‘We’re not holding back vaccines’: Welsh Government attempt to clarify questions around rollout speed
The Welsh Government have responded directly to criticism of the speed on their vaccine rollout, after the First Minister defended a decision to hold back on vaccines rather than rolling them all out as soon as possible.
Mark Drakeford’s comments made of Radio 4 Today this morning were described as “astonishing” by the Welsh Conservatives, and Plaid Cymru said that “saving lives is more important than saving stocks”.

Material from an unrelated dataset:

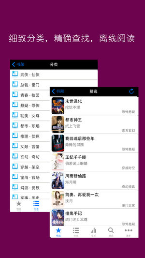 正版授权,完本图书榜单,为了方便您找书,对书城进行了最细致的分类,全部精排版人工制作,尊享最完美的阅读体验。 ◎女频言情 ◎玄幻奇幻 ◎科幻灵异 ◎武侠仙侠 ◎现代都市 ◎历史军事 ◎美文同人 ◎名著经典 ◎游戏竞技 阅读器功能介绍: 1.永不闪退:24小时连续使用稳定性保证 2.节省空间:随时删除看完的书 3.主题配色:白天、夜间、养眼六种主题配色 4.智能书签:自动记忆上次阅读位置书签 5.智能书架:自动置顶最近阅读书籍 6.飞速下载:10秒内下载完成百万字小说 7.图书精排:章节完整、规整段落缩进、无乱码 8.完美兼容:iphone、ipod touch和ipad设备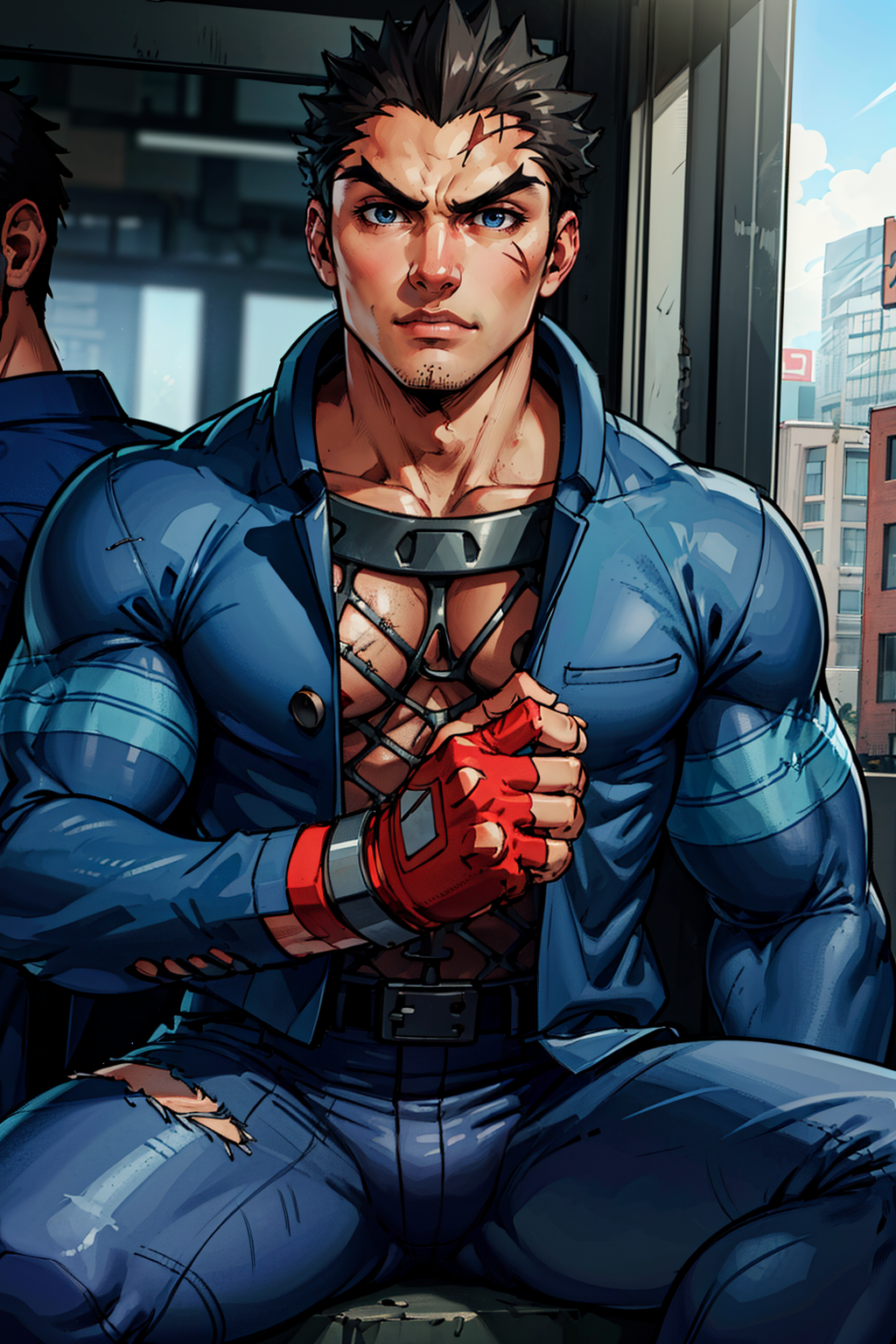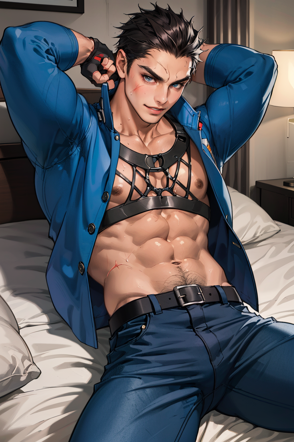 Model is a bit tricky, avoid many negative prompts. It's hard to keep his jacket buttoned, sorry for that :P But the fishnet shirt usually shows up if you prompt it.

But the Welsh Government moved to clarify the issue, saying that they were “not holding back any vaccines”.
They said that rolling out the vaccine over the full six weeks before new stocks arrived rather than all at once would lead to lower wastage rates, as the vaccine needed to be used quickly.
“The Pfizer vaccine must be stored at ultra-low temperatures – at -70°C – in two special centres,” they said. “Once removed the vaccine lasts five days.

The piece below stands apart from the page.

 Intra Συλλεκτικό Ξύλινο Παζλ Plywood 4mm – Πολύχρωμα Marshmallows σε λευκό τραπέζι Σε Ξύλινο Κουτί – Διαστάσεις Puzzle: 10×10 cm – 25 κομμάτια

“Every dose wasted is a vaccine which cannot be given to someone in Wales. Less than 1% of the vaccines have not been used. This is way below the wastage rates normally seen for vaccines.”
However, the Welsh Conservatives called the new message “confusing and contradictory”.
Andrew RT Davies MS – the Shadow Health Minister – said it was likely to lead to increased confusion – and anxiety – among people in Wales waiting for the Covid vaccine.
“People, especially in the vulnerable groups or those over 80, will today be wondering just what to believe from the Welsh Government, just what it’s doing, and just when they will receive their vaccinations,” he said.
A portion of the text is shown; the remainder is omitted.